### Records to use
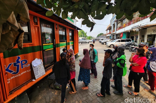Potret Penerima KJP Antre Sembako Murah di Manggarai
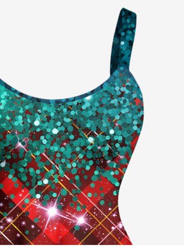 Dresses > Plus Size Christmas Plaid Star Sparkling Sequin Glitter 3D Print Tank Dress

...

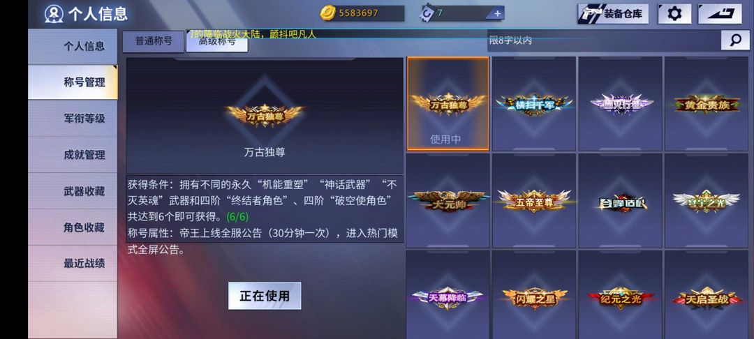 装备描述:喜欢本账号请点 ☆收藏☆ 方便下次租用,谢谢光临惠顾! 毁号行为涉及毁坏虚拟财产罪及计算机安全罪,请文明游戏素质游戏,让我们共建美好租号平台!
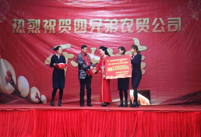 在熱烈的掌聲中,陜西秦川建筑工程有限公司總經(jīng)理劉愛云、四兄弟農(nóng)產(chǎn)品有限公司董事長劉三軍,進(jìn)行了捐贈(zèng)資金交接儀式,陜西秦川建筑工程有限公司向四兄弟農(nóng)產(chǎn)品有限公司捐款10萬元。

### Required action
Leave the pictures out, and transcribe exactly the lines above starting at the one that contains "Potret Penerima KJP" and ending at the one that contains "Dresses > Plus".

### Completed exercise
Potret Penerima KJP Antre Sembako Murah di Manggarai
 Dresses > Plus Size Christmas Plaid Star Sparkling Sequin Glitter 3D Print Tank Dress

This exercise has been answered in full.